Ich war von meinem 8. Lebensjahr an regelmäßig in unterschiedlichen psychiatrischen Kliniken zur Behandlung. Die Aufenthalte in den Kliniken variierten von einem Tag bis zu 12 Wochen. Die Gründe für Klinikaufenthalte umfassten die Aufarbeitung von Traumata, Ein- und Umstellungen von Medikamenten, Eigen- und Fremdgefährdung sowie suizidale Krisen. Da ich über viele Jahre immer wieder Klinikaufenthalte und Behandlungen hatte, habe ich viele verschiedene Erfahrungen gemacht, die vor allem abhängig von meinem jeweiligen Zustand, von den Menschen, die mich umgaben, und den Möglichkeiten der Behandlungen waren.
Zu meinen positiven Erfahrungen gehören, dass die Vielfalt an Therapiemaßnahmen, z.B. Ergo-, Musik-, tiergestützte- und verschiedene Bewegungstherapien, sich immer wieder positiv auf mich ausgewirkt haben. Es wurden mit mir zusammen nach Lösungen gesucht, beispielsweise bei der Auswahl von Therapien oder wenn ich spezielle Bedürfnisse hatte. Heute weiß ich, dass es für mich wichtig ist, dass Raum für individuelle Vereinbarungen vorhanden ist. Als ich mit zunehmender Erfahrung Zweifel bezüglich meiner Diagnosen und dazu die Bitte einer erneuten Diagnostik geäußert habe, wurde dieser Bitte nachgegangen. Es wurde bei der Auswahl an Therapien möglichst darauf geachtet, dass diese nicht retraumatisierend wirken und wenn es nicht möglich war, habe ich die Möglichkeit erhalten den Raum zumindest vorrübergehend oder je nach Situation vorzeitig die Therapiestunde zu verlassen. Auch die Förderung eine gewisse Normalität tat mir gut. So erlebte ich regelmäßig Ausflüge und Gruppenangebote, genauso gab es regelmäßig Handyzeiten. Es besteht die Möglichkeit alleinigen oder begleiteten Ausgang zu erhalten. Ich erlebte Änderungen von therapeutischen Konzepten, die nicht mehr allein auf Medikamentengabe abzielten. Mach all den Dingen, die mir geholfen haben, sehe ich dennoch Entwicklungsbedarf.
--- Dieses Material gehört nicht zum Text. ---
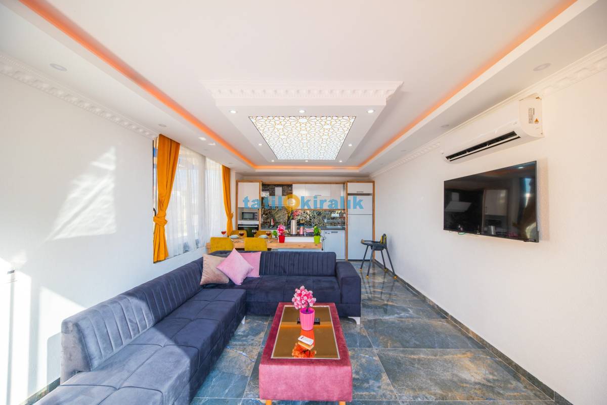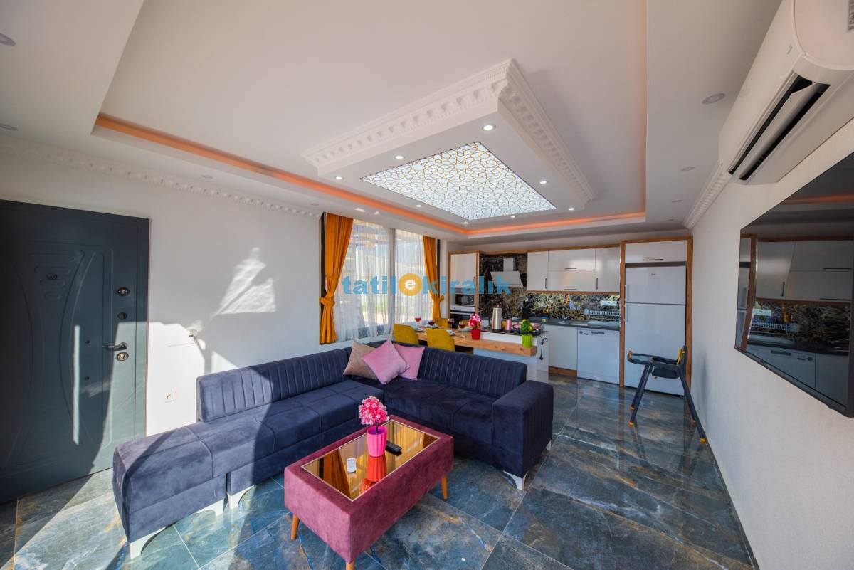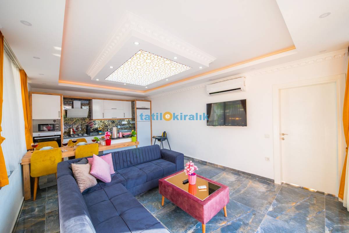 Salon Detayları: LCD TV, modern oturma grubu, yemek masası ve sandalyeler, kablosuz modem bulunmaktadır.

Meine negativen Erfahrungen betrafen vor allem verschiedene Formen der Freiheitsbeschränkung und dass ich Behandlungen erlebte, die nicht auf Augenhöhe stattfanden, ich fühlte mich immer wieder nicht gehört und verstanden. Ich erlebte verbale und psychische Formen der Gewalt. Diese zeigten sich z.B. durch Verleumdungen, Demütigungen und Beschuldigungen. Bis heute ist mir sehr gut im Gedächtnis, dass ein Chefarzt zu mir sagte „Sie bekomme ich in die Forensik!“
Außerdem machten mir die häufigen Umstellungen meiner Medikamente und die Nebenwirkungen zu schaffen. Auch die Überlastung des Systems spürte ich immer wieder, wenn ich trotz mehrerer Suizidversuche zu früh entlassen oder gar nicht erst aufgenommen wurde. Es entstanden Ängste vor Behandlungen aufgrund negativer Erfahrungen in Kliniken, die dazu führten, dass ich Panik vor neuen Klinikaufenthalten hatte. Dies führt mehr als einmal zu Zwangseinweisungen. Ich hatte immer wieder das Gefühlt nicht die Hilfe zu erhalten, die ich gebraucht hätte. So stellte sich bei mir Hoffnungslosigkeit ein bei den Worten, dass ich austherapiert sei. Ich habe angefangen mich selbst aufzugeben. Es dauerte Jahre mich wieder zu öffnen für neue Behandlungen und die Annahme von erneuter Hilfe.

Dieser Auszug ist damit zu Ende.